— TASK —
The required output is the exact run of lines in the listing below from the line holding "エンボス加工のフローリングタ" through the line holding "К. Бронзит. Нет, мотивации", with no pictures.

— RECORDS SHOWN —

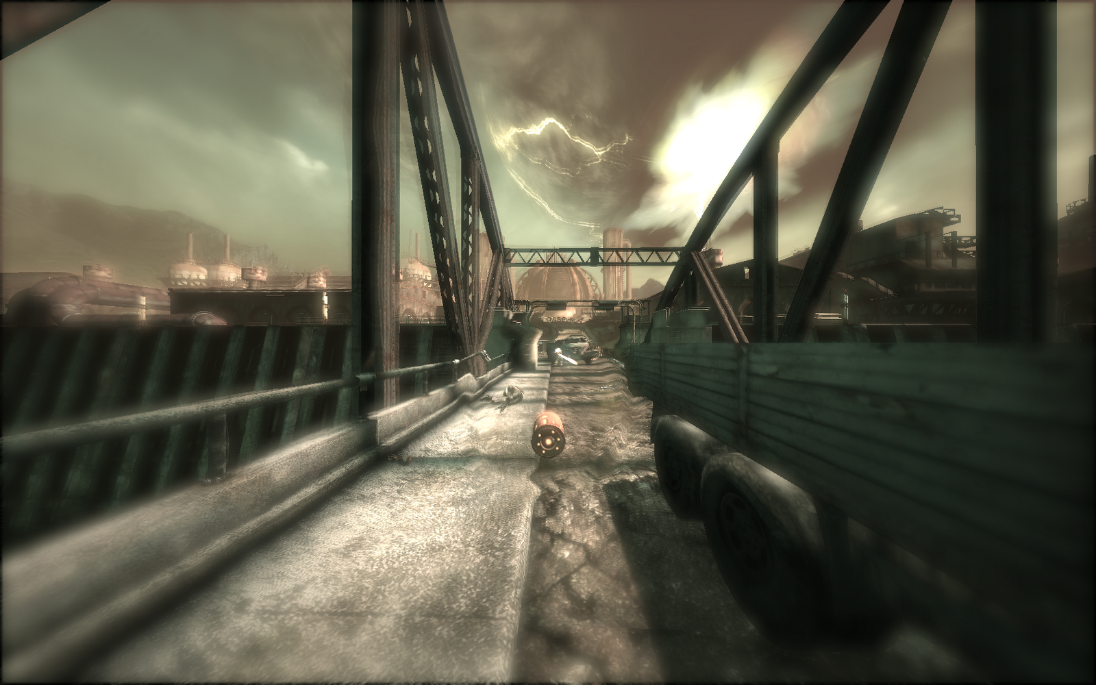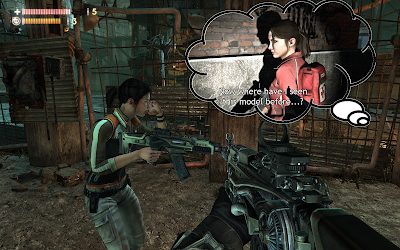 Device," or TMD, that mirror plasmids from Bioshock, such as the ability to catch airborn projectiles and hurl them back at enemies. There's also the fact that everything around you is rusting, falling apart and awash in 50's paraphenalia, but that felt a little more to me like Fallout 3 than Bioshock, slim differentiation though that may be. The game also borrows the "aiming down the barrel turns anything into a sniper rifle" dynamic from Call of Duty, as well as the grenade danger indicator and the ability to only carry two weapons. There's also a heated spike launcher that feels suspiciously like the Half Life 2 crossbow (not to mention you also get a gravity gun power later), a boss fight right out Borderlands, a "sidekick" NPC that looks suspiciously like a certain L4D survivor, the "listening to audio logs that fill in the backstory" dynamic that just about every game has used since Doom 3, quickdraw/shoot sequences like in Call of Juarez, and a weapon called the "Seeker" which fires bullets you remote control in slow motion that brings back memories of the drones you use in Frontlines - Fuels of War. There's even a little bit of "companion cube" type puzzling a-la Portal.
--
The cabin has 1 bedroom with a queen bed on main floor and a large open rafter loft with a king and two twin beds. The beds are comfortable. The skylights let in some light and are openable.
==
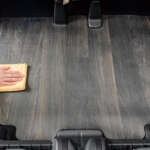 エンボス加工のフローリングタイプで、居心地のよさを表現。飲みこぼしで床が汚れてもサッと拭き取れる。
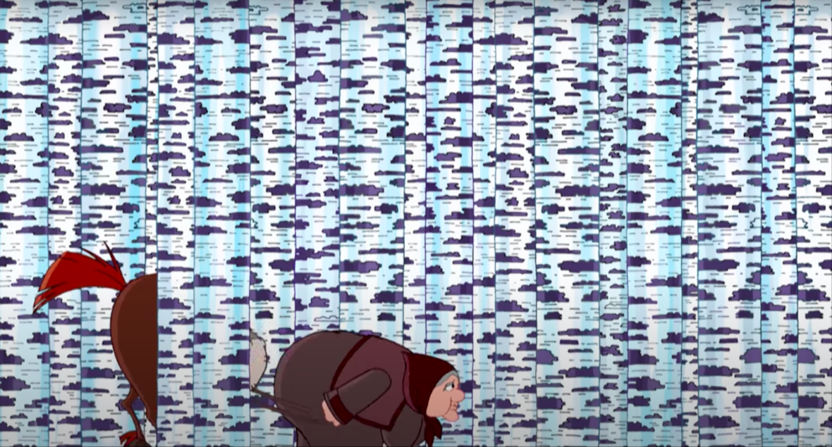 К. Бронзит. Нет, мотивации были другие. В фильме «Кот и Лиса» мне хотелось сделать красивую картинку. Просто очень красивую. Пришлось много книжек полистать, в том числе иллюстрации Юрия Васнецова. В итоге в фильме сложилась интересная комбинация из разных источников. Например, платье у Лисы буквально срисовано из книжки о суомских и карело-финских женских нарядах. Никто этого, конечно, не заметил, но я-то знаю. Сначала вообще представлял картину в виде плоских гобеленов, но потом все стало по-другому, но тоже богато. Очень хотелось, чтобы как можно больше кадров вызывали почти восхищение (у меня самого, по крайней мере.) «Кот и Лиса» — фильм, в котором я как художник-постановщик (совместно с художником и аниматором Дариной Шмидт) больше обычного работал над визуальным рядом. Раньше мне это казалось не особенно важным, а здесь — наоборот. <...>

— WRITTEN SOLUTION —
 エンボス加工のフローリングタイプで、居心地のよさを表現。飲みこぼしで床が汚れてもサッと拭き取れる。
 К. Бронзит. Нет, мотивации были другие. В фильме «Кот и Лиса» мне хотелось сделать красивую картинку. Просто очень красивую. Пришлось много книжек полистать, в том числе иллюстрации Юрия Васнецова. В итоге в фильме сложилась интересная комбинация из разных источников. Например, платье у Лисы буквально срисовано из книжки о суомских и карело-финских женских нарядах. Никто этого, конечно, не заметил, но я-то знаю. Сначала вообще представлял картину в виде плоских гобеленов, но потом все стало по-другому, но тоже богато. Очень хотелось, чтобы как можно больше кадров вызывали почти восхищение (у меня самого, по крайней мере.) «Кот и Лиса» — фильм, в котором я как художник-постановщик (совместно с художником и аниматором Дариной Шмидт) больше обычного работал над визуальным рядом. Раньше мне это казалось не особенно важным, а здесь — наоборот. <...>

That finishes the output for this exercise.